Dirt and waste haunted Victorian imagination and life. The rising rates of urbanisation and industrialisation led Victorian cities to struggle with the grim sanitary consequences of overpopulation and outdated infrastructure; population pressures, too, threatened Britain’s ability to fulfil its citizens’ needs. The answer to these problems was increasingly found in waste management: dealing productively with refuse would, it was imagined, prevent the danger of food scarcity, combat disease, improve morality and reform the poor. These ideas, combining social and techno-scientific concerns about the negative influences of waste – and its potential – constituted a network of discourses by and for middle-class men.

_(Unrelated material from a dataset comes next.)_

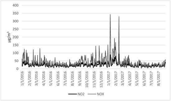 Obtained results revealed the worse quality of ambient air at the beginning of the 2017 year, with the highest NOx and NO2 concentration in the period from the 07 to 11 January (Figure 1). Similarly, daily PM2.5 concentration was the highest in the same period; detailed data on air quality were presented in a previous publication [2]. Obtained data confirmed the occurrence of two winter smog episodes in the study period, both of them were in January (4–7 January 2016 and 7–11 January 2017) in which the average temperature of ambient air was the lowest. Moreover, the median (and IQR) value of pollutants concentrations were the highest in the winter season (from 21 December to 19 March), with the following values: 44 (49.0) µg/m3 for PM2.5 and 52.58 (53.22) µg/m3 for PM10, 41 (46.9) µg/m3 for NOx and 28.7 (16.9) µg/m3, respectively.
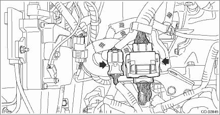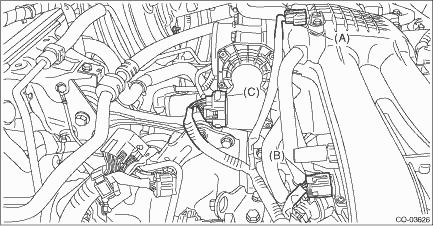 MANUAL TRANSMISSION AND DIFFERENTIAL(5MT) > Switches and HarnessREMOVAL1. BACK-UP LIGHT AND NEUTRAL POSITION SWITCH1. Disconnect the ground cable from battery.2. Remove the clip (A) from the air intake boot.3. Loosen the clamp (B) connecting the air intake boot and air cleaner case (rear).4. Loos ...

This project shifts the focus away from the public domain that concerned sanitary reformers and industrialists and towards the middle-class home as a domain conceptualised as a comfortable, safe and clean retreat from a hostile world. But what did it take to maintain the home’s status as a space free from the threatening waste cluttering urban streets and polluting rivers? This project aims to understand how the technical and scientific discourses of sanitarians, chemists, physicians and political economists seeped into household management guides, cookbooks and other instructional material centred around domestic tasks, thereby informing gendered household practices of waste management.
The project’s central aim is to position the middle-class home as another front along which the Victorian war against waste and dirt was waged. Identifying the private household as a key site of waste management – not just practically, but conceptually – will improve our understanding of the history of waste and contribute to the field of environmental history.